The prevention and treatment for PUD and GC cause significant financial burdens around the world [36, 37]. Because H. pylori is one important cause for PUD and GC, the identification of specific type of H. pylori isolates associated with PUD and GC risks would significantly reduce the costs of the screening and prevention for PUD and GC. The OR for PUD was found to be higher than that of GC (3.97 vs. 2.43) in this meta-analysis. The predictive role of oipA functional status in risks of PUD and GC may differ because of their distinct pathogenic mechanisms. However, we could not definitely conclude that the oipA “on” status is more closely linked with PUD than GC by numerically judging the OR values based on the currently-limited study samples. It is anticipated that oipA “on” status would be a promising indicator for H. pylori infected patients with increased risk for PUD or GC in the future.

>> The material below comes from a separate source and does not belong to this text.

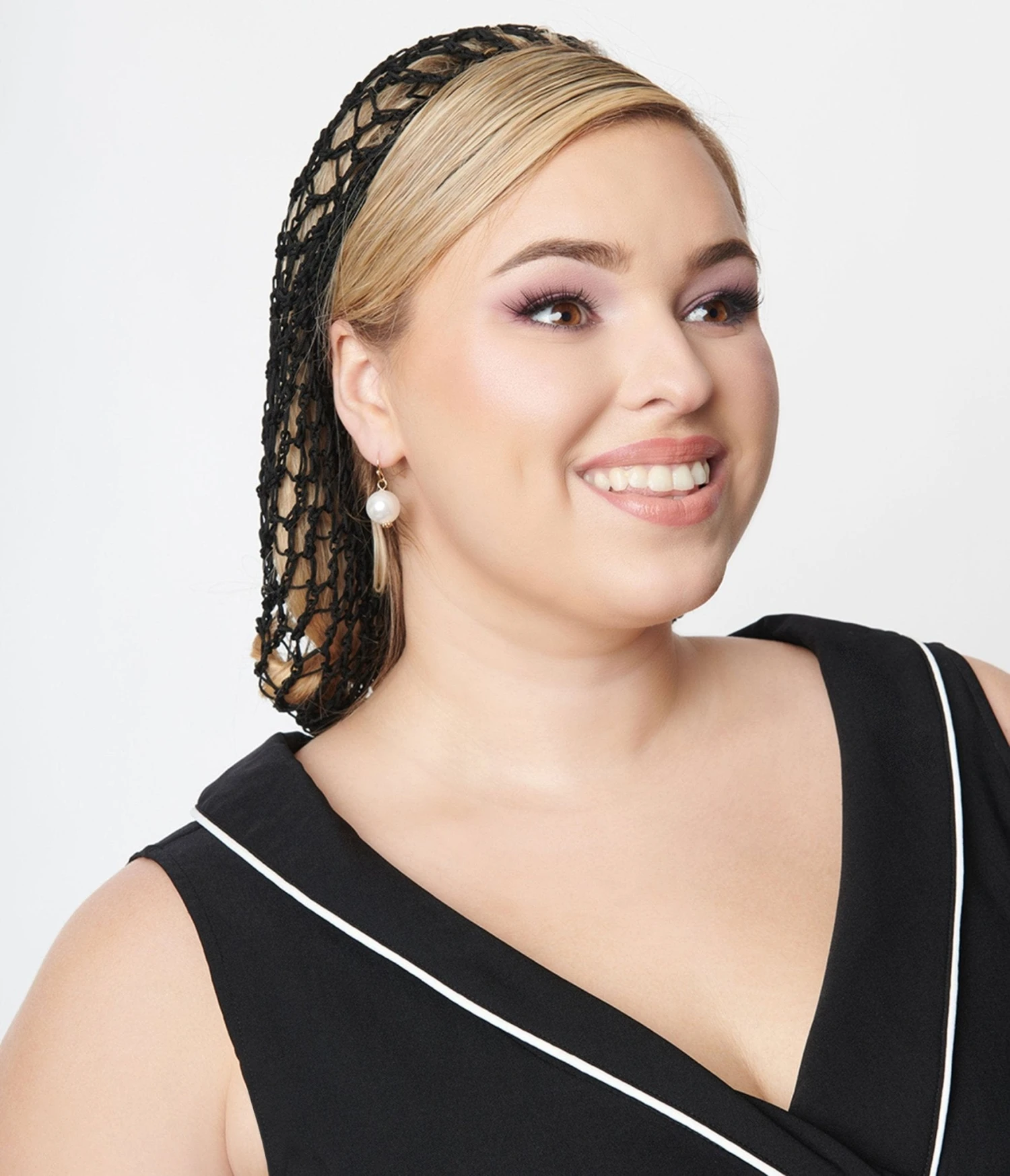 This retro black crochet style snood can be styled in a multitude of ways, with an open knit form and elasticized band for fit!

We are aware that this meta-analysis has its own limitations. First, only articles in English or Chinese were selected. And we searched four databases without referring to other databases like EMBASE, which may result in selection bias. Second, the quality assessment of NOS indicated that most studies were at an intermediate level of quality mainly due to not matching for age or gender. In addition, the control group mixed the gastritis and FD, and some studies did not clearly describe that the control group excluded other kinds of diseases, which may result in an underestimation of the effect of oipA gene. Third, the sample size is not sufficiently large which may partially due to the limitation of the present laboratory technique for the isolation and cultivation of H. pylori isolates. Besides, numbers of included studies were relatively small, so the power for publication bias test was relatively low. Fourth, most studies were from Asia, thus the generalizability of our conclusion was limited. Fifth, significant heterogeneities were indicated for some comparisons particularly in presence/absence analysis, which could not be explained by subgroup analyses or sensitivity analyses. Moreover, the limited number of included studies precluded us from performing meta-regression to further explore the source of heterogeneity. Sixth, other important data such as age, gender, family history, status of other virulence factors and environment factors were not available to investigate the interaction between oipA gene status and these factors. The combined effect of oipA and other virulent factors should also be studied in future study.